A word-for-word copy of the listing is required, and it must contain no pictures.

== INPUT RECORDS ==
==================================================

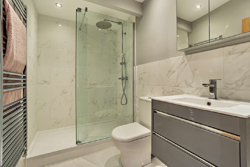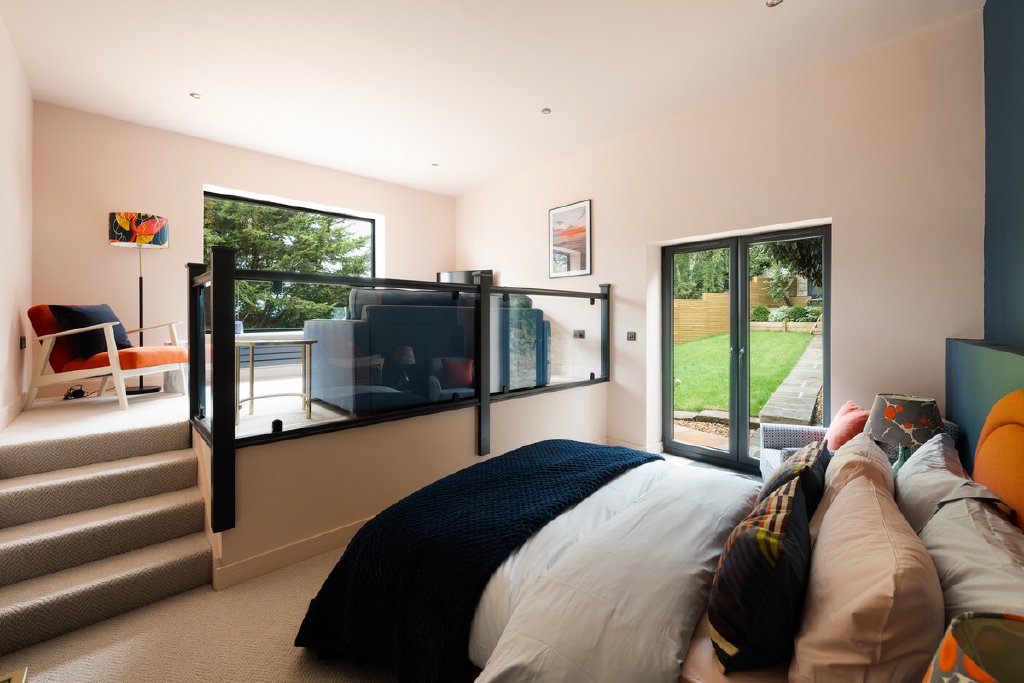 A fourth bedroom sits within a more private part of the house, featuring high ceilings, garden access and a raised sitting area, supported by a contemporary shower room off the main hall, ideal for guests or an independent relative.
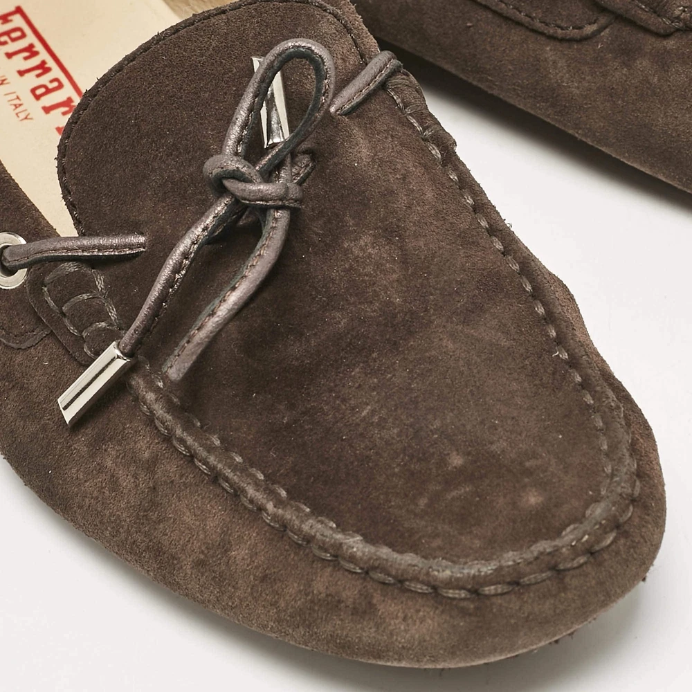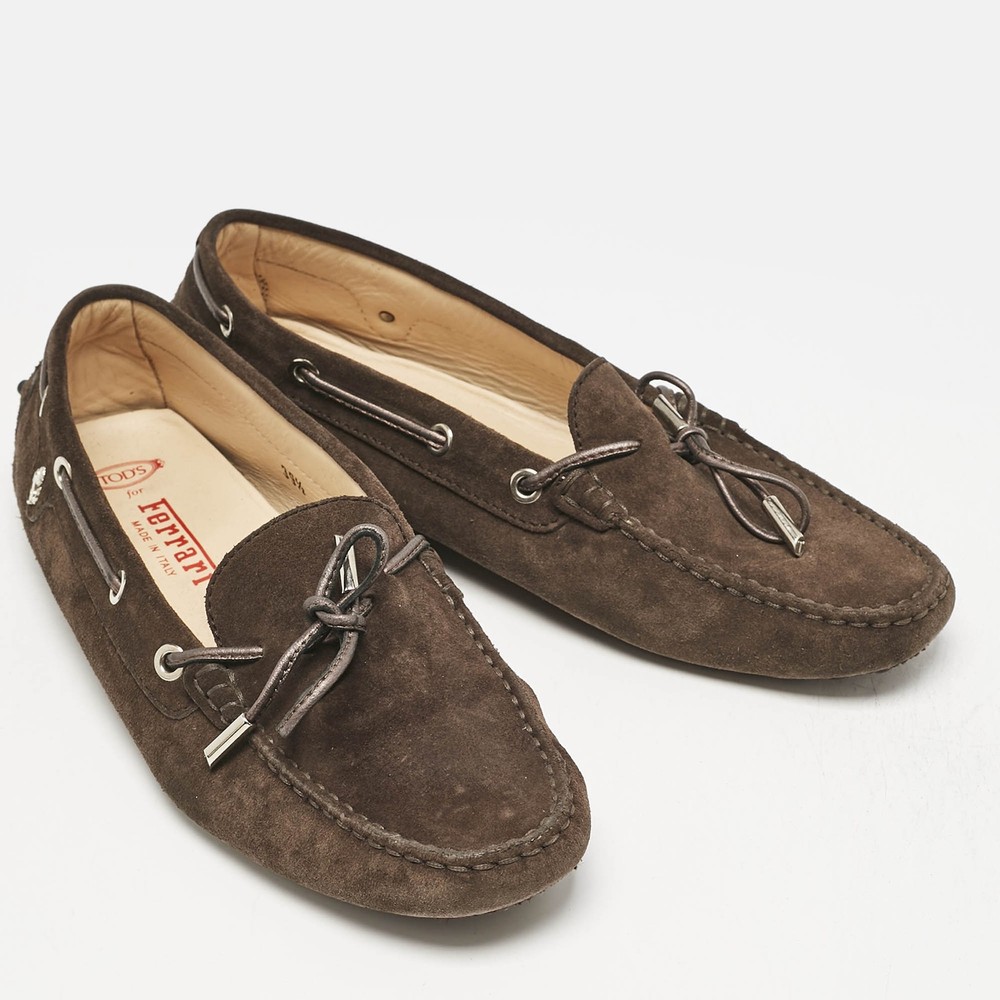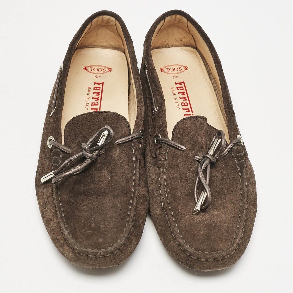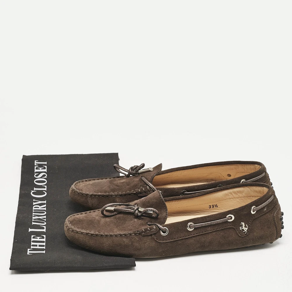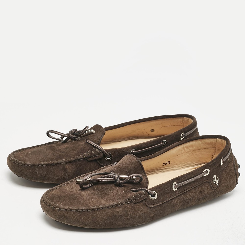 Our eBay Store About Us Contact Us Add to Favorite Sellers Tods for Ferrari Brown Suede Bow Slip On Loafers Size 395 Blending Italian flair and automotive spirit, Tod’s for Ferrari slip-on loafers are crafted in rich brown suede. Featuring a subtle bow accent, they offer a stylish nod to both relaxed sophistication and racing heritage. Product Details Brand Tod's Color Brown Includes The Luxury Closet Packaging Outsole Length 27 cm Outsole Width 8.5 cm Size 39.5 Certified by The Luxury Closet This item has gone through a detailed authentication process overseen by our experts. We offer a lifetime guarantee of authenticity on all our items. How We Check The in-house team of experts at The Luxury Closet is highly trained to verify the authenticity and the condition of the luxury products. They ensure that only 100% authentic items are put on sale.The evaluation process is unique with its own mix of assessment criteria and differs according to the category. Each item is evaluated based on the following combination of hallmarks, hardware, stitching, symmetry, material, craftsmanship, stamping, codes, hologram stickers, and packaging. Our authenticators also check if the items have been modified or amended (e.g., aftermarket diamonds, replaced batteries, repaired bags, etc.) International Buyers Import duties, taxes and charges are not included in the item price. These charges are the buyers responsibility. Please check with your country’s customs office to determine what these additional cost will be prior to buying.
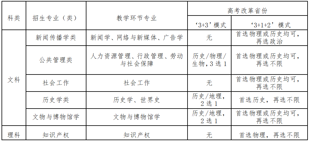 注:“招生专业(类)”为高考志愿填报及录取专业,“教学环节专业”为对应的入学后可就读专业。高考志愿填报及确定录取专业时按“招生专业(类)”进行。入学后,学生须按院系安排确定具体的“教学环节专业”。具体专业名称以教育部批复的当年招生专业为准。
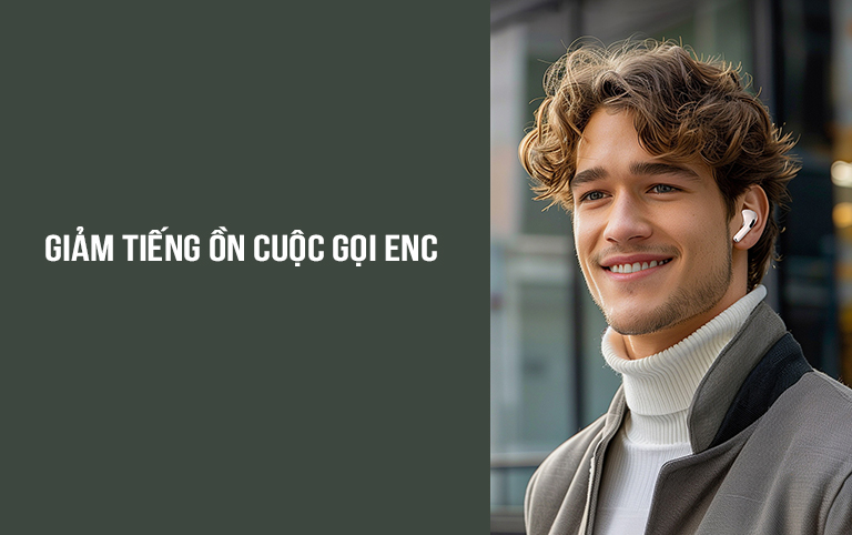 Công nghệ giảm ồn ENC giúp tối ưu hóa chất lượng âm thanh, giảm thiểu nhiễu và tạo ra một không gian nghe tuyệt vời, rõ ràng hơn. Điều này mang lại lợi ích lớn khi bạn đang nghe nhạc hoặc thực hiện cuộc gọi trong môi trường ồn ào như công cộng, phòng họp hay trên phương tiện công cộng.
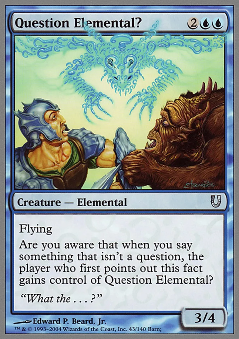 | Oracle Text | Flying Are you aware that when you say something that isn't a question, the player who first points out this fact gains control of Question Elemental? | ||
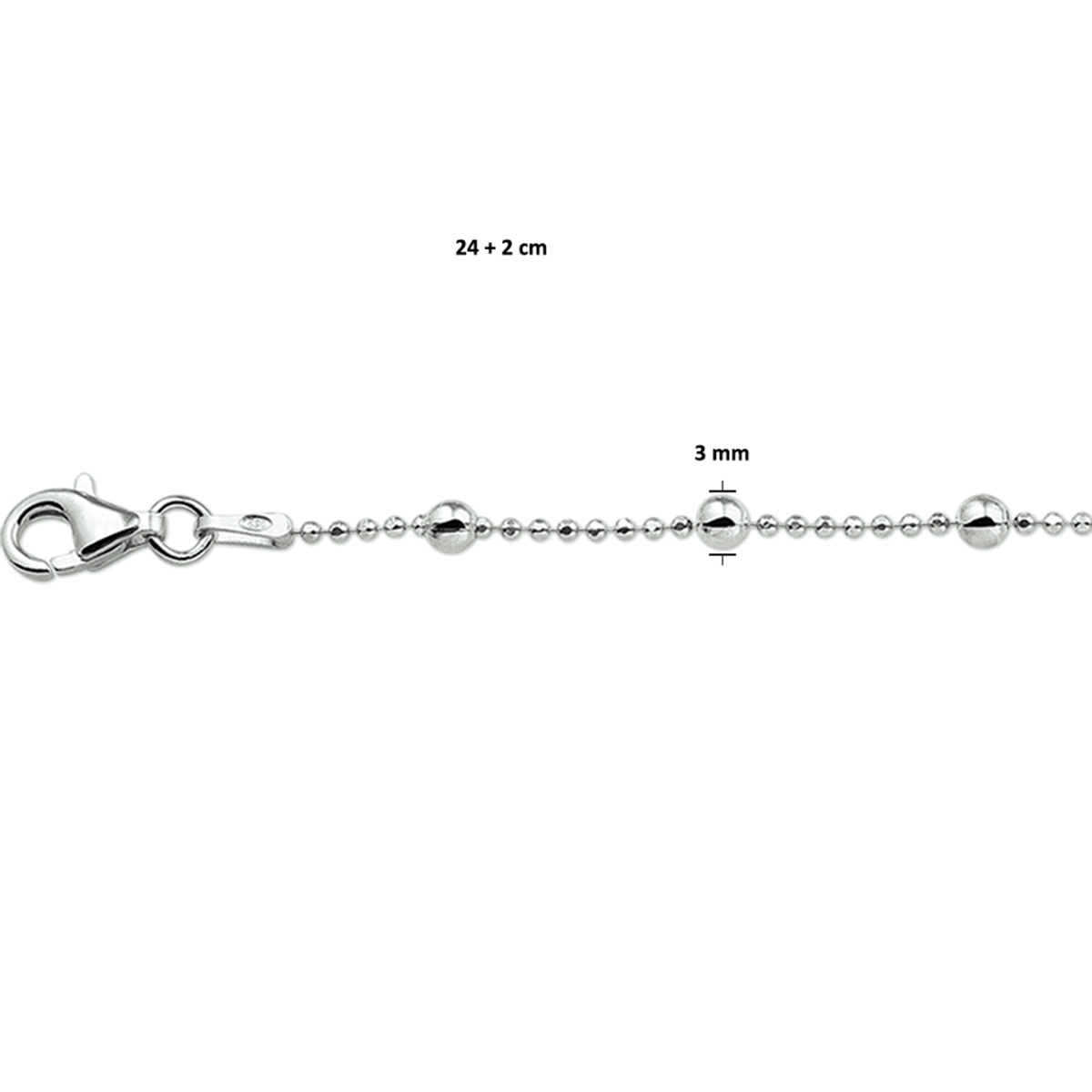 Trendy gerhodineerd zilveren bolletjes enkelbandje met een draaglengte van 24cm en een extensie van 2cm. Het enkelbandje is uitgevoerd met een stevige karabijn sluiting. Minimalistisch design voor een exclusieve uitstraling.

==================================================

== SOLUTION TO THIS EXERCISE ==
 A fourth bedroom sits within a more private part of the house, featuring high ceilings, garden access and a raised sitting area, supported by a contemporary shower room off the main hall, ideal for guests or an independent relative.
 Our eBay Store About Us Contact Us Add to Favorite Sellers Tods for Ferrari Brown Suede Bow Slip On Loafers Size 395 Blending Italian flair and automotive spirit, Tod’s for Ferrari slip-on loafers are crafted in rich brown suede. Featuring a subtle bow accent, they offer a stylish nod to both relaxed sophistication and racing heritage. Product Details Brand Tod's Color Brown Includes The Luxury Closet Packaging Outsole Length 27 cm Outsole Width 8.5 cm Size 39.5 Certified by The Luxury Closet This item has gone through a detailed authentication process overseen by our experts. We offer a lifetime guarantee of authenticity on all our items. How We Check The in-house team of experts at The Luxury Closet is highly trained to verify the authenticity and the condition of the luxury products. They ensure that only 100% authentic items are put on sale.The evaluation process is unique with its own mix of assessment criteria and differs according to the category. Each item is evaluated based on the following combination of hallmarks, hardware, stitching, symmetry, material, craftsmanship, stamping, codes, hologram stickers, and packaging. Our authenticators also check if the items have been modified or amended (e.g., aftermarket diamonds, replaced batteries, repaired bags, etc.) International Buyers Import duties, taxes and charges are not included in the item price. These charges are the buyers responsibility. Please check with your country’s customs office to determine what these additional cost will be prior to buying.
 注:“招生专业(类)”为高考志愿填报及录取专业,“教学环节专业”为对应的入学后可就读专业。高考志愿填报及确定录取专业时按“招生专业(类)”进行。入学后,学生须按院系安排确定具体的“教学环节专业”。具体专业名称以教育部批复的当年招生专业为准。
 Công nghệ giảm ồn ENC giúp tối ưu hóa chất lượng âm thanh, giảm thiểu nhiễu và tạo ra một không gian nghe tuyệt vời, rõ ràng hơn. Điều này mang lại lợi ích lớn khi bạn đang nghe nhạc hoặc thực hiện cuộc gọi trong môi trường ồn ào như công cộng, phòng họp hay trên phương tiện công cộng.
 | Oracle Text | Flying Are you aware that when you say something that isn't a question, the player who first points out this fact gains control of Question Elemental? | ||
 Trendy gerhodineerd zilveren bolletjes enkelbandje met een draaglengte van 24cm en een extensie van 2cm. Het enkelbandje is uitgevoerd met een stevige karabijn sluiting. Minimalistisch design voor een exclusieve uitstraling.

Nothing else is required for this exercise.